Apparently she had, not that Dooley minded, not now that he’d met the guy.
He glanced around and was surprised to see Randall coming past the maitre d’ so soon. He hadn’t been sure whether Warren would be able to get hold of him. But he had. Myers was right behind him. A couple of uniformed police officers followed. Forks and glasses paused in midair as people turned to watch them march through the dining room and stand at the opening to the booth where Dooley was sitting.
“Jeffie fought back,” Dooley said. “They have blood. They’re going to go for DNA.”
Malone sat where he was, but he wasn’t smiling anymore.
“Ronald Malone,” Detective Randall said. “We’d like to talk to you about Lorraine McCormack and Jeffrey Eccles.”
Dooley called Beth and told her he couldn’t meet her at seven o’clock after all because the police needed him to make a formal statement. He said it would help to get his uncle released.
“They found the person who did it?” Beth said.
“Yeah,” Dooley said. He knew he would eventually have to tell her who that person was.
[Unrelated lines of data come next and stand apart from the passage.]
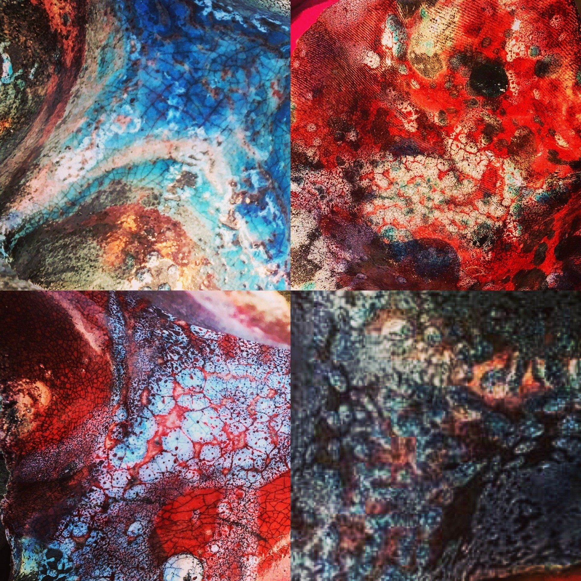 Some are deprived of air after ignition (called a reduction chamber) which starves the flames of oxygen, the fire looks for an alternative ignition which it finds in pulling out the oxides that are of a high content in raku glazes, white glazes are sprayed with water to produce a blackened crazed affect, with different combustible materials producing different effects and carbonising along with so many other firing techniques such as slip resist and Naked Raku (don't worry, you won't be asked to strip!) to experiment with it can become a very addictive process.
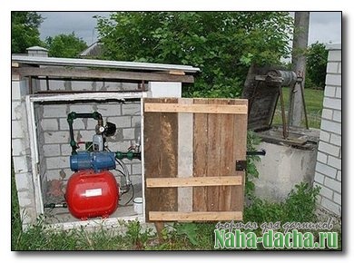 Устройство нужно устанавливать как можно ближе к стенке колодца, чтобы при отключении электричества иметь возможность беспрепятственно доставать воду воротом.
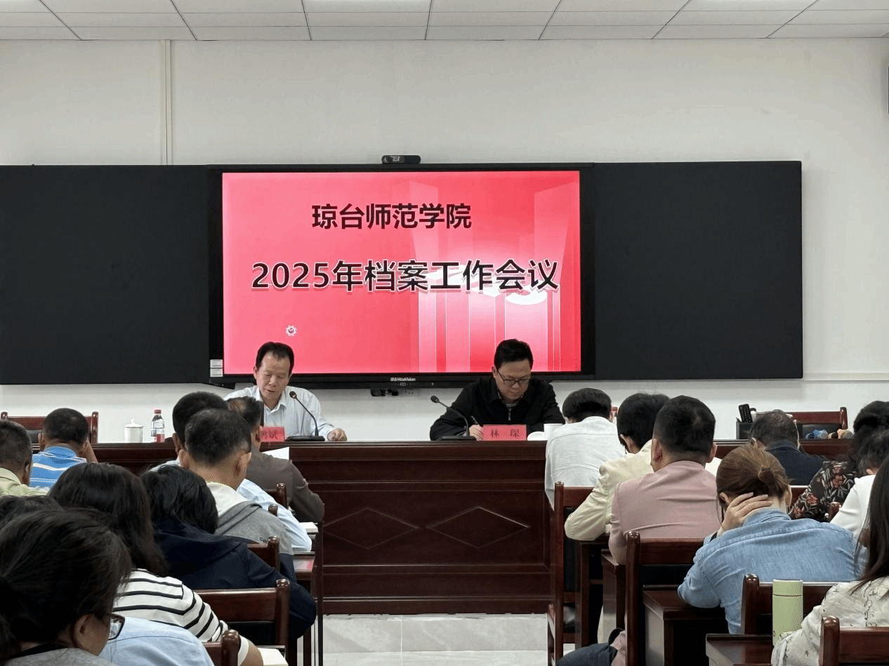 4月9日,琼台师范学院2025年档案工作会议在桂林洋校区敦行楼四楼会议室召开。学校党委委员、副校长林琛出席会议并讲话。学校各处室、教辅单位、各二级学院、附属幼儿园负责档案工作的部门领导及兼职档案管理人员等共80余人参加会议。会议由档案馆馆长王鹏斌主持。
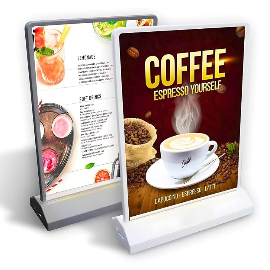 Showcase your menu, offers, or information in a stylish and eye-catching way with our LED Table Top Display. Designed for counters, reception areas, and tabletops, this compact illuminated frame ensures your content stands out even in low-light settings. Perfect for cafΓ©s, restaurants, salons, exhibitions, and retail counters. (Printing & designing charges extra)

But when he did, it would be in person, not over the phone. “I’ll call you, okay?”
“Sure,” she said. “Tell your uncle I said hi.” There was a pause. “That sounds kind of lame, doesn’t it?”
“I’ll tell him you were asking about him. He’ll like that.”
Dooley’s uncle got out the next afternoon. The first thing he wanted to do was go home, take a shower, and put on some clean clothes. The next thing he wanted to do was cook what he called a decent meal. He wouldn’t let Jeannie or Dooley do a thing. He poured some wine for Jeannie and a Coke for Dooley and sat them down at the kitchen table. They could watch—in fact, he seemed to want them there, although he didn’t come right out and say so. He didn’t say anything about what had happened, either. He just cooked and drank wine and smiled at Jeannie, and then they all ate together. Dooley left them both in the living room while he cleaned up the kitchen. But his uncle didn’t stay there. He came into the kitchen and put on an apron to help Dooley.
“It’s okay,” Dooley said. “You stay with Jeannie.”
“Jeannie’s okay on her own for a little while,” his uncle said. He rinsed a couple of plates and put them in the dishwasher. He said, “Your friend Jeffrey could have saved everyone a lot of grief if he’d just come out and told you he saw Lorraine.”
“He didn’t know I knew her,” Dooley said. “He never met her.”
His uncle digested this. He rinsed some cutlery and put that in the dishwasher.
“About the money,” he said.
Dooley had the tap running, filling the sink with hot water so he could tackle the pots and the broiler pan. He turned it off and looked at his uncle.
“I wanted you to have a chance,” his uncle said. “The first time I went to see you, you were so messed up, you were practically climbing the walls. You remember that? And what you did—you were fifteen years old. When I was a kid, fifteen-year-old boys were out playing hockey or softball. They weren’t doing what you were doing. Getting locked up was probably the best thing that ever happened to you.”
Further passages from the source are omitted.